Оживленное внимание не только к исторической науке, но ко все-
[191]
му гуманитарному циклу стало приметой времени в идеологической работе, подчиняемой патриотическому воспитанию кадров, и при обсуждении проекта учебной программы, открывавшейся в 1939 году высшей партийной школы (ВПШ) при ЦК, для которой были отведены помещения бывшей «Свердловки».
Импровизированные формы учебы, применявшиеся в том числе и в ИКП, уступали место фундаментальной подготовке образованных интеллигентов, необходимых для партийной работы. В ВПШ набирались лица с законченным высшим образованием, а в самой школе на Миусской площади они получали знания фактически по программам гуманитарных факультетов столичного Университета.
Сюда входили все предметы по отечественной и всеобщей истории, начиная с древних веков, по литературе, логике, экономической и политической географии, основам государственного строительства. Все это изучалось наряду с предметами по истории партии, диалектическому и историческому материализму, политэкономии, партийному строительству, основам советской экономики, руководству отраслями народного хозяйства.
Судьба распорядилась так, что слушатели первого набора ВПШ в своей массе, не успев получить дипломы, одели в 1941 году военные шинели, либо были разбросаны по разным уголкам страны для партийной работы в тылу.
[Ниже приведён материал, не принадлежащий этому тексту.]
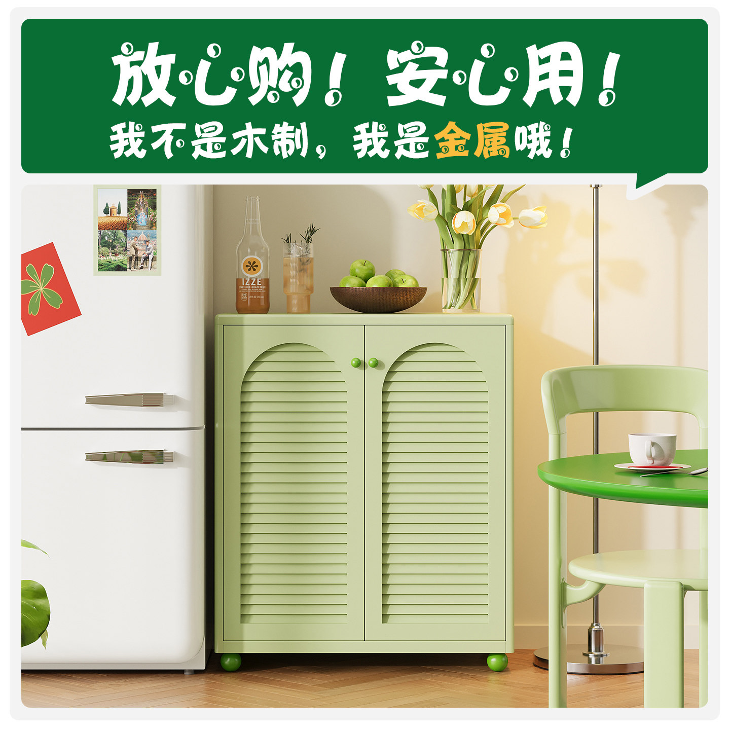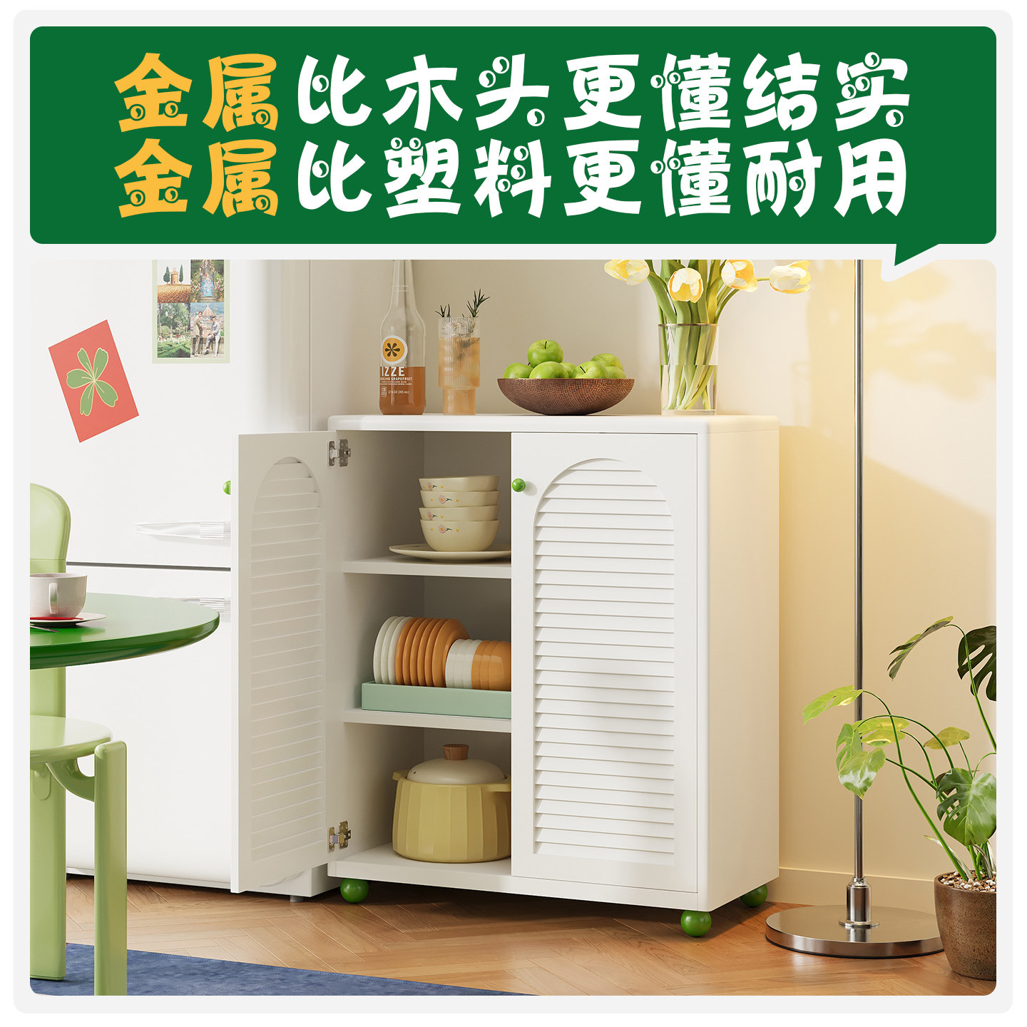 2026年新款金属餐边柜简约适合小户型窄边柜铁艺客厅收纳架储物柜

Последующие наборы слушателей в ВПШ шли уже не при столь строгом подходе. И все же то, что было осуществлено на начальном этапе резкого повышения требовательности к общеобразовательному уровню идеологических кадров партии, явилось своеобразной стартовой позицией в подготовке их высшего звена. Старые кадры партийных теоретиков были либо разгромлены, уничтожены физически, либо естественным путем сошли со сцены. Многие из тех, кто получил подготовку в Институтах
[192]
красной профессуры, так и не смогли проявить себя на идеологическом фронте: было и впрямь опасно самостоятельно теоретически мыслить, оставаясь в поле зрения Сталина. Они попросту «отсиживались» на преподавательской работе, часто становясь догматиками. К числу таких деятелей, как мне кажется, относился и М.А. Суслов, пользовавшийся каким-то особым уважением у вождя.
Личная драма его состояла в том, что получив начальное образование где-то в 1921 году, и пройдя беспрерывно затянувшийся период освоения всевозможных учебных (импровизированных) программ в экономическом Институте красной профессуры, он так и не стал представителем академических кругов. Вместе с тем, то, что отделяло Михаила Андреевича от таких самобытных, но «недоученных» людей, как Хрущев или Брежнев – это была его известная образованность. Был он и преподавателем в МГУ – да!
Участвовал М.А. в работе Центральной Контрольной Комиссии (ЦКК ВКП(б)), выполнял ее поручения по проведению проверок на местах, и партийных чисток – все это становилось для него приобретением опыта, шлифовало его щепетильность в образе жизни. Насколько мне удалось лично узнать этого человека за время работы в Международном отделе ЦК ВКП(б) под его непосредственным руководством в первые послевоенные годы и позже, он был и остался неизменно в моем представлении образцом настоящего аскета. В шутку иногда говорили: «Суслов – что святой. Но и святые бывают вредными». Не могу представить себе в его личной жизни, ничего более заслуживающего внимания, чем постоянная усидчивая кабинетная работа, ни тебе мягкого расплывшегося широкой улыбкой лица, ни ленностного мужского расслабления, чем грешны бывают люди. Сухой по характеру и своему астеническому сложению, постоянно покашливающий (кажется от зарубцевавшихся легких), не
[193]
пьющий, не курящий и не выносящий табачного дыма, сгорбленный, высокий ростом. Суслов умел, однако, смеяться: каким-то заливным смехом, он, кажется рисковал захлебнуться, смех его сопровождался скрипящим тонким голоском. Люди приближавшиеся к нему, хотя бы несколько раз, могли счесть его за больного, обязательно – туберкулезом. Когда он злился, выходил из себя – лицо его краснело, становилось неприятным.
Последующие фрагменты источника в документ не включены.